Flat Rates for Internet Service

I saw on C-SPAN the other day, the keynote of an Internet Service Provider's conference in San Francisco, ISPCon, and the title of the talk was "The State of the Internet". The inventor of Ethernet, Bob Metcalfe, was talking about (among other things) the need for better metering of service, so that accurate charging per packet or per byte could be implemented. While he seemed to be discussing only charges between ISPs to deal with their costs of routing traffic for each other, the discussion took on a more general tone, discussing whether or not flat rate was good or bad.

Arguments in favor of flat rates were bandied about. The major argument given in favor of flat rates was that they are responsible for the major developments on the Internet, such as FTP, and World Wide Web. Mr. Metcalfe was dismissive of these arguments - I don't remember the reasons he gave for dismissing them, so they must not have been very compelling reasons.

I tend to agree that flat rate encouraged these services, and that in general that flat rate encourages use (and therefore, innovation), whereas metered rate discourages use.

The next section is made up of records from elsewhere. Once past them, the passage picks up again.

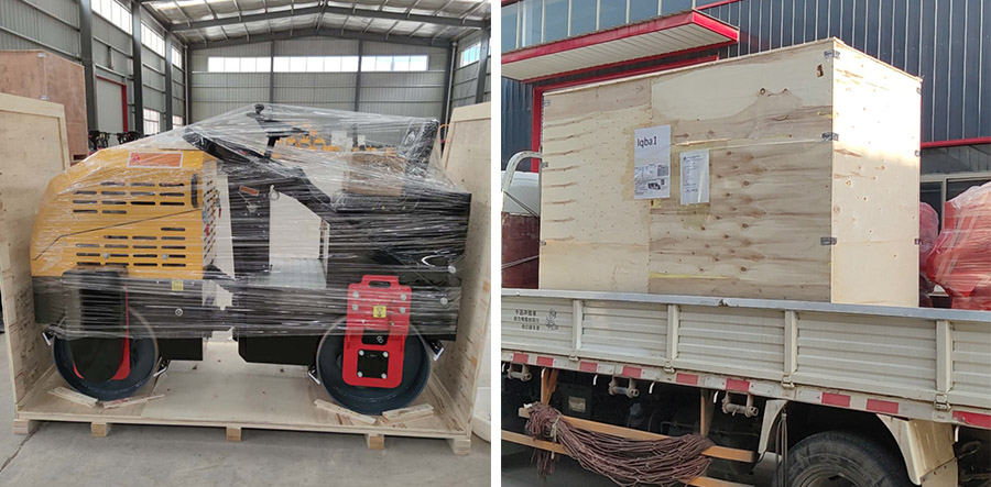 8.17日,一臺1.5噸全液壓雙驅壓路機正在海拓機械工業(yè)園里打包裝箱,即將發(fā)往大洋彼岸的澳大利亞.
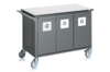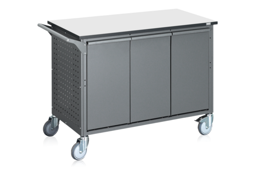 Robust recycling trolley for industrial waste management. Ideal for workplaces looking for a flexible solution for handling, sorting, and emptying waste during the workday. The recycling trolley is equipped with six large containers with a volume of 50 liters each. The containers can be easily lifted off when emptying, or used together with a waste bag adapted for 50 liters. The trolley features sturdy wheels (125 mm), making it suitable for demanding industrial environments. It also includes perforated panels on the front and back for suspension of accessories such as hooks and wire baskets. Laminated top shelf 1100x570 mm.
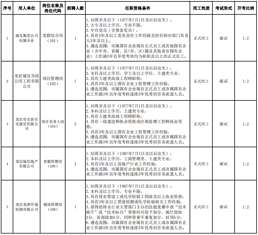 原標題:關於龍岩城市發展集團有限公司所屬企業公開招聘(遴選)工作人員的公告
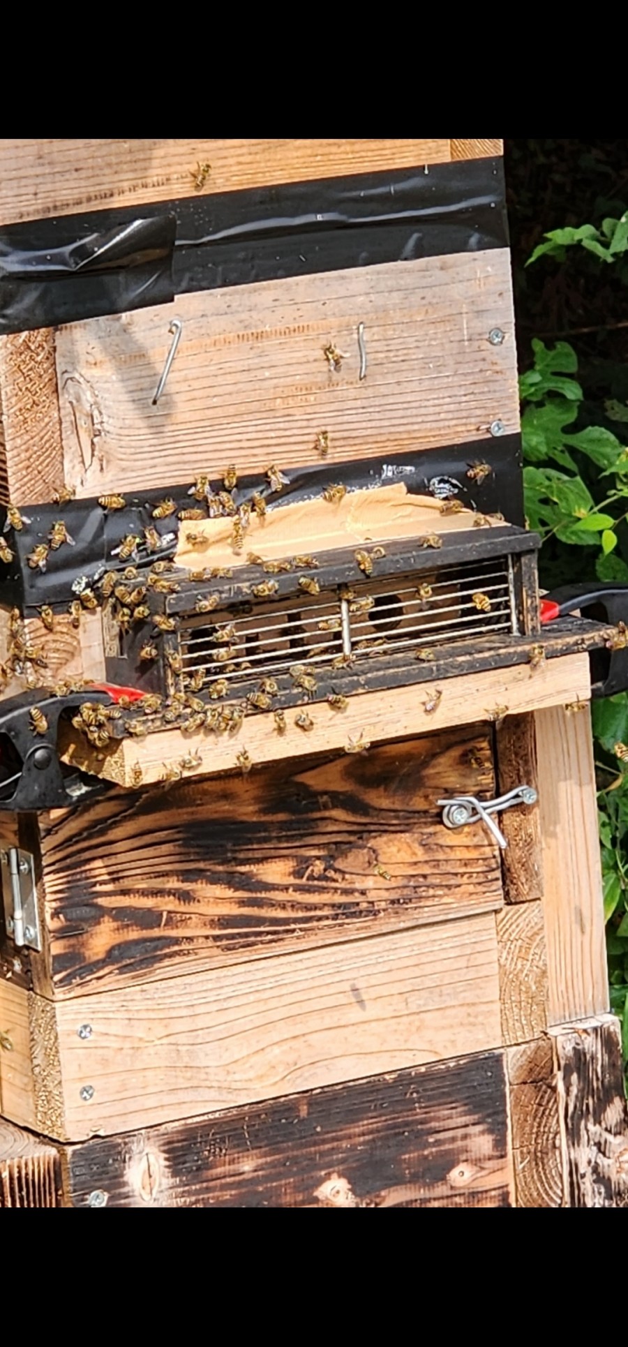 みるくさん こんにちは。 格子状の巣門が付けて有るんで中には入れないのですがイヤですよねー(笑) みるくさんの群は逃去が有ったんですね。お見舞い申し上げますm(__)m 今日ペッタンを4枚増強して来ました(笑)

There is an argument in favor of flat rate that is related to use, but somewhat separate from the above arguments, and that's what I'd like to talk about here. It's a suprising statement to make, and not entirely intuitive, nevertheless I believe it to be the case. Here goes: Flat rate is better able to adapt to the changing world of networking.

Wow, that does sound stupid doesn't it? A rate that's fixed is more flexible than a rate that varies? How could that be? Well, partly because I'm phrasing it badly. Let me put it this way. As a consumer, I have an expectation that networking will continue to become both faster, and cheaper, with time. I also have an expectation that my data needs and desires will only increase steadily with time (the images in WWW were the first big jump in usage; audio and video will only add to that).

If we look only at the first part of my expectations, then every month, my ISP should be reducing my metered rate. I wasn't born yesterday, they're not going to do that. If their profit margin increases, they'll dance a jig for many months before competition gets around to convincing them to lower their rates. I argue that this is the case because most of us are too lazy to switch over to the cheapest ISP every month, especially considering the hassles of a constantly changing address.

Looking only at the second part of my expectations, it would be very difficult for me to justify ever increasing data needs, when I knew this would result in ever increasing costs. Especially since each new hot data type may give me an order of magnitude jump in data consumption.

With a flat rate, I'm encouraged to use more and more and more. With the same flat rate, the ISPs can provide me with more and more and more, without having to adjust their prices to reflect the latest technology. I win, they win, and all the world is a wonderful place.

I have an ISDN line, for which I theoretically pay a flat rate of 32.50 per month. Of cource, since Ameritech has never billed me, it has thus far been free. See how good flat rates are?